O não libertador.

Chatos. Assim somos chamados quando negamos algo a alguém que muito quer alguma coisa. Afinal, que mãe é essa que consegue, sem pestanejar, dizer não para aqueles olhos brilhantes e rostinho esperançoso de quem diz, com um sorriso, um penoso por favor? Que amigo é esse que nega um favorzão pro seu camarada? Quem é você, afinal?
O sim é o oponente gentil do não ditador. Ele abre portas, proporciona novas experiências. O sim agrada. Mas não se engane, meu caro. O mesmo sim também corrói. E arrisco a ir mais além: um sim é muito mais poderoso e, o seu poder, com todo seu disfarce de inocente, pode ser destruidor. Naturalmente, ninguém gosta de ser contrariado – passamos a vida inteira acreditando nos encantos da liberdade extrema, detestando quando somos impedidos de algo que queremos com todas as forças. Acumular gatos, acampar com os amigos, faltar a aula ou entregar o trabalho na próxima semana – acreditamos que estamos sendo punidos se os nossos desejos passam a ser negados.
Mas não é somente quem ouve que desgosta do bom e velho “não”. Há pessoas que acreditam que ser agradável o tempo todo é um exemplo de cidadania. Dentro e fora de casa, elas espalham os “sim” pela vida afora, ignorando os males que estão sendo criados a partir da aceitação excessiva. Para o mundo e pra ela. Quem muito diz sim não o faz por ser bom de coração: trata-se de alguém inseguro com necessidade de aceitação. E por viver querendo agradar, deixa de satisfazer a pessoa que mais importa: ela mesma.
O não é duro, mas impõe limites.
Alguém que, no trabalho, aceita e acata a todos os pedidos do chefe e dos demais colegas, em vez de ser reconhecido profissionalmente pelos esforços, termina, muitas vezes, acostumando todos a lhe dar trabalhos extras, demonstrando postura de alguém fraco e sem personalidade. Neste caso, o emprego certo da negativa limita o que é dever e o que é respeito.
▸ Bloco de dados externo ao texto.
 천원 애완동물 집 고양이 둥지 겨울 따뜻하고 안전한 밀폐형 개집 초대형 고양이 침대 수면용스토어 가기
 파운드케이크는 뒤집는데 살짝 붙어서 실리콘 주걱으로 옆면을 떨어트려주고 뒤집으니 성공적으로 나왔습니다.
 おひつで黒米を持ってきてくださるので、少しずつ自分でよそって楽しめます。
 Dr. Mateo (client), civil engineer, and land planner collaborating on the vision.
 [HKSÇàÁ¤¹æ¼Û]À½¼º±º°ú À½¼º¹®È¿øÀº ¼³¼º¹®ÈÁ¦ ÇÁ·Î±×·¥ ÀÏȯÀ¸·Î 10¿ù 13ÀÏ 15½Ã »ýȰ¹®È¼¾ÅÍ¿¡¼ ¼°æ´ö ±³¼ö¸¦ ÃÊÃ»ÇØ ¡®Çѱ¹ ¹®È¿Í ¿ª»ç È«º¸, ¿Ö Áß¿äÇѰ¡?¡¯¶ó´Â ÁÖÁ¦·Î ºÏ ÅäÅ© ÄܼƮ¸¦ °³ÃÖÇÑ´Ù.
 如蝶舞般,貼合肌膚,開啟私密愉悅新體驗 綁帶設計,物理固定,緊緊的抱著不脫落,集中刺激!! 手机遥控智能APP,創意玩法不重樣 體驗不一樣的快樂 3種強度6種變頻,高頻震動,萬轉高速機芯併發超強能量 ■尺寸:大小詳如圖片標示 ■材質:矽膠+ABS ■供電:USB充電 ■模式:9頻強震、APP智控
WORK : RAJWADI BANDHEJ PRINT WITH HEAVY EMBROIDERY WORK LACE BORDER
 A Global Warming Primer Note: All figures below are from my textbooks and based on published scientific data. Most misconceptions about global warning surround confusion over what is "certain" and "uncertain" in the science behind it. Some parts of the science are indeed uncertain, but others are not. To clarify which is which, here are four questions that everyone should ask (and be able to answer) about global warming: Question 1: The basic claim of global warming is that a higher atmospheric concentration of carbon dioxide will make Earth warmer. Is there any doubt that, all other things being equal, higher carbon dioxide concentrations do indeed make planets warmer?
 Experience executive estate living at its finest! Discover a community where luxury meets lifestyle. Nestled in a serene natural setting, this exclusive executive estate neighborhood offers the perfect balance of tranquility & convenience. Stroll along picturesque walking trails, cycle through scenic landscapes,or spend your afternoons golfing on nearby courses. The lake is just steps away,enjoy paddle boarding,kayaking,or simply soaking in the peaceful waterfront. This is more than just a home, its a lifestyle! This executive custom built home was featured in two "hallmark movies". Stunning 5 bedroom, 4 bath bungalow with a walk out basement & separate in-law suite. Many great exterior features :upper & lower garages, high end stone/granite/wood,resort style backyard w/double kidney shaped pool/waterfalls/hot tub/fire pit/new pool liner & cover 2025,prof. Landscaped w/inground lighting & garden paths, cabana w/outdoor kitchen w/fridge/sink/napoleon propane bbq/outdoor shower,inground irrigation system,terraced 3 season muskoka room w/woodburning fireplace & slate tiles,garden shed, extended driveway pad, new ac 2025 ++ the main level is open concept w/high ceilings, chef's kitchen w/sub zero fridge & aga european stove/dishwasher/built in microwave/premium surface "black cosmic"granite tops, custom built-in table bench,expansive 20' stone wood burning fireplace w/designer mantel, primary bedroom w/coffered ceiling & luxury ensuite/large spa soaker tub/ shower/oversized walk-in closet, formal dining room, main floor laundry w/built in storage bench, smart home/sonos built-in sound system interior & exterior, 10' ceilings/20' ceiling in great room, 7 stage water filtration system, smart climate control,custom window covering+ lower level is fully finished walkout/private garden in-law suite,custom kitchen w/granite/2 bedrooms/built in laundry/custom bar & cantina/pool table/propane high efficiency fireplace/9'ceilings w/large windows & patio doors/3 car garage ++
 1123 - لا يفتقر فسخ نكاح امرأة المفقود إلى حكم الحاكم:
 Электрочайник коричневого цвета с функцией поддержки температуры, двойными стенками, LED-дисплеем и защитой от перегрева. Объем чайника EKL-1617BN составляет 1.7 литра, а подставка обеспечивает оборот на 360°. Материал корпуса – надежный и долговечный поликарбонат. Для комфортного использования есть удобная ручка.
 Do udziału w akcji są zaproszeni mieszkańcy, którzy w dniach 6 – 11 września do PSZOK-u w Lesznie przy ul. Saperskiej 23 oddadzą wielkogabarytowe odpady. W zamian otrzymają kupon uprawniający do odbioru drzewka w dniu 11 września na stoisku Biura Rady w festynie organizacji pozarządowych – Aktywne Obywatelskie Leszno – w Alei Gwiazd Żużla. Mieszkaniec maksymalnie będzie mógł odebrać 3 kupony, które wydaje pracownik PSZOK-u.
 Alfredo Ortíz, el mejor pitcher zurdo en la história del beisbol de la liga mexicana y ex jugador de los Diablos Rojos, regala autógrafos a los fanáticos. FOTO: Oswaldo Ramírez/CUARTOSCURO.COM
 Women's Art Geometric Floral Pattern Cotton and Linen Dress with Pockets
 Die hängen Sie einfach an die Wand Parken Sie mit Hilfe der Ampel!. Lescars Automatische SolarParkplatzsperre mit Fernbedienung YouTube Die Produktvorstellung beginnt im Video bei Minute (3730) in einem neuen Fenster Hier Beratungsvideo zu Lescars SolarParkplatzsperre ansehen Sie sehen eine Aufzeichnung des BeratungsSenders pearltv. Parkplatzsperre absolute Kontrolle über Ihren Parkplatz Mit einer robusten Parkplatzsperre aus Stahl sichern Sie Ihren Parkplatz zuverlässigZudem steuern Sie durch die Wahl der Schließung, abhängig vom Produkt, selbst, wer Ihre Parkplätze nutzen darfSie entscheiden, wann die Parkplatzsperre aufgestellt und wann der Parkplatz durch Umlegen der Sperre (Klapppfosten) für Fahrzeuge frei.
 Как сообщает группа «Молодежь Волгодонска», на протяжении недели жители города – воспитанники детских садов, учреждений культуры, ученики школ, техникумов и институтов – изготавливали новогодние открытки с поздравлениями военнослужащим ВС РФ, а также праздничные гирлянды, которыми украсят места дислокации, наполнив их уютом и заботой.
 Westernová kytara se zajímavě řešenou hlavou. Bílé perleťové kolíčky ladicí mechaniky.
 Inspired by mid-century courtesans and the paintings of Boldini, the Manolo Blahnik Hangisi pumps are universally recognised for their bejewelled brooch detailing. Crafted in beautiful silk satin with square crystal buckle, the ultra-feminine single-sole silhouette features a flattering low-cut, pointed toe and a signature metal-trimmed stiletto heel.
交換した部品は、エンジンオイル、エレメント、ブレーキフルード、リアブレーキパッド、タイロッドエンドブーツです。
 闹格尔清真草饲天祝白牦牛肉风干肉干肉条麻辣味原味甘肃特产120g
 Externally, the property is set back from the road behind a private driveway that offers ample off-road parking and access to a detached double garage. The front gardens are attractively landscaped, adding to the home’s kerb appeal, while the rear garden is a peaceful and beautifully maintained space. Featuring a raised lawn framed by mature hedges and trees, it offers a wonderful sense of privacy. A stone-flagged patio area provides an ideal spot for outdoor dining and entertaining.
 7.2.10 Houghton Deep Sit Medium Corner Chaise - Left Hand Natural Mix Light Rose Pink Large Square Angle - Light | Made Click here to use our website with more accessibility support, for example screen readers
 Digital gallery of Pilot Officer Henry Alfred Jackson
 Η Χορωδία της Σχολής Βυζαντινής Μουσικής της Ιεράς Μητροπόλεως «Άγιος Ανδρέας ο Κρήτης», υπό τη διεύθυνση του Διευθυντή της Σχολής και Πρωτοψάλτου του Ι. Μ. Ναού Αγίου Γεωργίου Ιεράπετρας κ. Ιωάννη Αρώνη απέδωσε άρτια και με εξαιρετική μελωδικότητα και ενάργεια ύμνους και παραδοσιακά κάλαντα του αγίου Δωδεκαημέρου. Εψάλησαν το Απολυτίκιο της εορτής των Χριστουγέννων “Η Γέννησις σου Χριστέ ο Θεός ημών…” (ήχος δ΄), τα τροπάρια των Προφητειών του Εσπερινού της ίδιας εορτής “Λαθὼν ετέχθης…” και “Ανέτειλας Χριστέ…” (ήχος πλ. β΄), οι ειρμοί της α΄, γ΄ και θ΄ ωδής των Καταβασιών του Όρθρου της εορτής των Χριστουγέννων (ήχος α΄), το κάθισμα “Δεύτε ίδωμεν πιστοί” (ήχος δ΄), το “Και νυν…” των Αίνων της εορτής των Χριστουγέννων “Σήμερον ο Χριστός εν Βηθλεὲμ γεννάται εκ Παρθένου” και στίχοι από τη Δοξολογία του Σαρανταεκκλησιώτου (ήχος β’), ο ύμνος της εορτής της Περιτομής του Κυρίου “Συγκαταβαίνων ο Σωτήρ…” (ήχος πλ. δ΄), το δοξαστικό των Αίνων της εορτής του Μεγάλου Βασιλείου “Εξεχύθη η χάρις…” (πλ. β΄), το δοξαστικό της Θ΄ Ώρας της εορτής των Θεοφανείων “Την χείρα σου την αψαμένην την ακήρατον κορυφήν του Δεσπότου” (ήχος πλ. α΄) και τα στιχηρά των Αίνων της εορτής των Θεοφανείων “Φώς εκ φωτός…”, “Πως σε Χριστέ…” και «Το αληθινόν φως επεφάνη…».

Hoje em dia não é nada fácil ser mãe com todas as responsabilidades fora de casa. Muitas vezes essa mãe não tem tempo suficiente pra passar com o seu filho e, em troca, decide tolerar as malcriações do seu pimpolho e, assim, admite o sim como estratégia de substituição. Ela passa a crer que será uma mãe ruim se,  além de faltar com atenção, ainda reprime os desejos da sua prole. Porém, o que acontece, geralmente, é o extremo oposto: um não dito na hora certa é o fator que determinará o caráter e a personalidade da criança na fase adulta.
O mesmo também ocorre nos relacionamentos. Nem tudo o que é pedido, é aquilo que estamos confortáveis para oferecer. Seja físico ou emocionalmente: se não estamos prontos, não há motivos pra discutir.
Tampouco fica mais fácil entre amigos. Muitas pessoas confundem para que serve a amizade. Acreditam que amigo mesmo é aquele que está sempre disposto a aceitar suas propostas, convites ou ideologia. Pensam que amizade forte é aquela que o outro empresta as chaves do carro, te busca nas baladas, paga as suas entradas, te empresta grana pra sair com a gostosa da repartição. Não. Amigo é aquele que te sacode quando você passa dos limites e te dá um toque quando é hora de parar, pelo bem da amizade e da sua imagem. Amigo é aquele que sabe dizer não para o seu próprio bem.
E, ainda que soe esquisito, acredite: o não é libertador. Ele castiga quando é preciso, impede besteiras, traça limites, forma personalidades, protege e demonstra atenção e carinho. Pelo fim da culpa de dizer não, saibamos, enfim, desfrutar deste difamado benfeitor!